Netflix’s UI can be quite opaque — one’s not quite sure what‘s worth watching as the results are personalised, and there’s so much high-quality and award-winning content that Netflix algorithms might have deemed unworthy of your attention.
Putting my newfound data-wrangling capabilities to use — and this Kaggle dataset of Netflix’s catalogue, all I had to do was mash it up with a dataset of top TV shows and movies from RatinGraph (which derives its data from IMDB, from the looks of it). Google Spreadsheet’s filter method should have sufficed, but it proved temperamental and wouldn’t work on the TV shows dataset. So I fired up OpenRefine, which allowed me to merge these two datasets with ease.
I added two filters — rating, and number of votes to prioritise signal over noise. Movies were filtered at a rating of 8.0+, and TV shows at 7.5+. TV shows are English only, and limited to 250, which further got filtered down to 82 — which is to say that almost one in every three Top 250 show is on Netflix!
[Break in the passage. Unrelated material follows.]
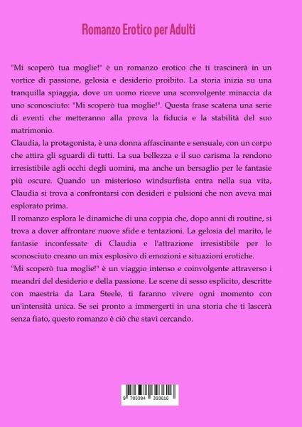 "Mi scoperò tua moglie!" è un romanzo erotico che ti trascinerà in un vortice di passione, gelosia e desiderio proibito. La storia inizia su una tranquilla spiaggia, dove un uomo riceve una sconvolgente minaccia da uno sconosciuto: "Mi scoperò tua moglie!". Questa frase scatena una serie di eventi che metteranno alla prova la fiducia e la stabilità del suo matrimonio.Claudia, la protagonista, è una donna affascinante e sensuale, con un corpo che attira gli sguardi di tutti. La sua bellezza e il suo carisma la rendono irresistibile agli occhi degli uomini, ma anche un bersaglio per le fantasie più oscure. Quando un misterioso windsurfista entra nella sua vita, Claudia si trova a confrontarsi con desideri e pulsioni che non aveva mai esplorato prima.Il romanzo esplora le dinamiche di una coppia che, dopo anni di routine, si trova a dover affrontare nuove sfide e tentazioni. La gelosia del marito, le fantasie inconfessate di Claudia e l'attrazione irresistibile per lo sconosciuto creano un mix esplosivo di emozioni e situazioni erotiche."Mi scoperò tua moglie!" è un viaggio intenso e coinvolgente attraverso i meandri del desiderio e della passione. Le scene di sesso esplicito, descritte con maestria da Lara Steele, ti faranno vivere ogni momento con un'intensità unica. Se sei pronto a immergerti in una storia che ti lascerà senza fiato, questo romanzo è ciò che stavi cercando.
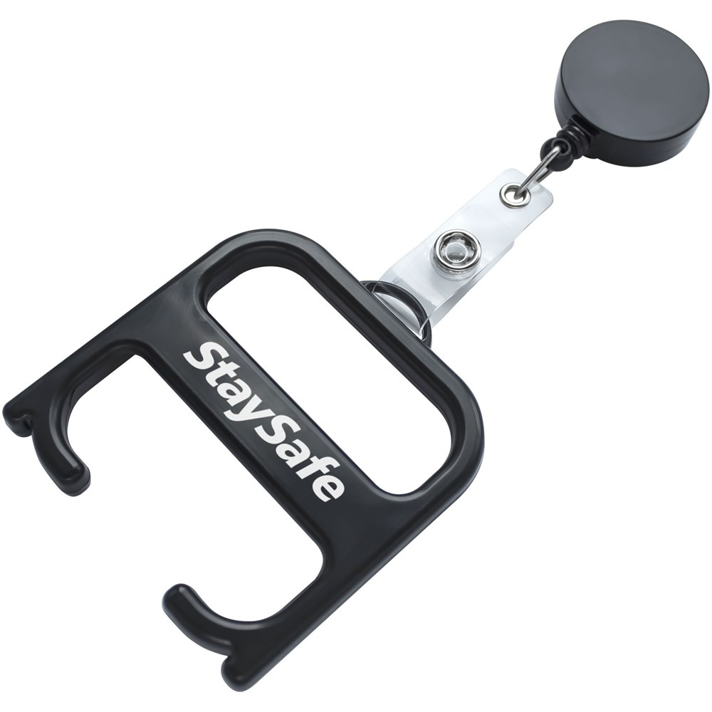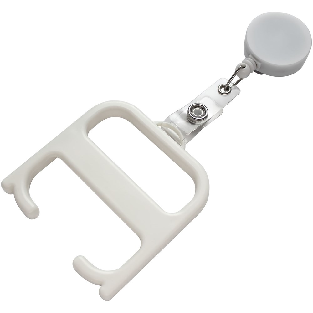 Een robuust hygiëne-item dat de gebruiker in staat stelt om deuren te openen en drukknoppen in te toetsen zonder direct contact. Vervaardigd uit versterkte materialen voor extra duurzaamheid. Dit product bevat Biomaster antimicrobiële technologie die bescherming biedt tegen de groei van schadelijke micro-organismen voor de levensduur van het product. Geleverd met een rollerclip.

Netflix’s movie catalogue had only 85 of the 685 movies with over 10,000 votes and a 8.0+ rating. Non-English movies are also included in this chart.
Some caveats: The Dark Knight by Christopher Nolan is on Netflix, but wasn’t there in the Kaggle dataset. There might be some other obvious misses, but the dataviz should be helpful in any case.
Filtering for what’s new, the movie recommendations come down to a handful.
H/T to Shivam Bansal for creating this dataset. It would be great to see how many movies and TV shows are on Disney+, Amazon Prime, HBO, etc, and do a grand analysis of who owns the streaming rights to so much of popular culture. Any ideas on where I can find/build a dataset of their catalog?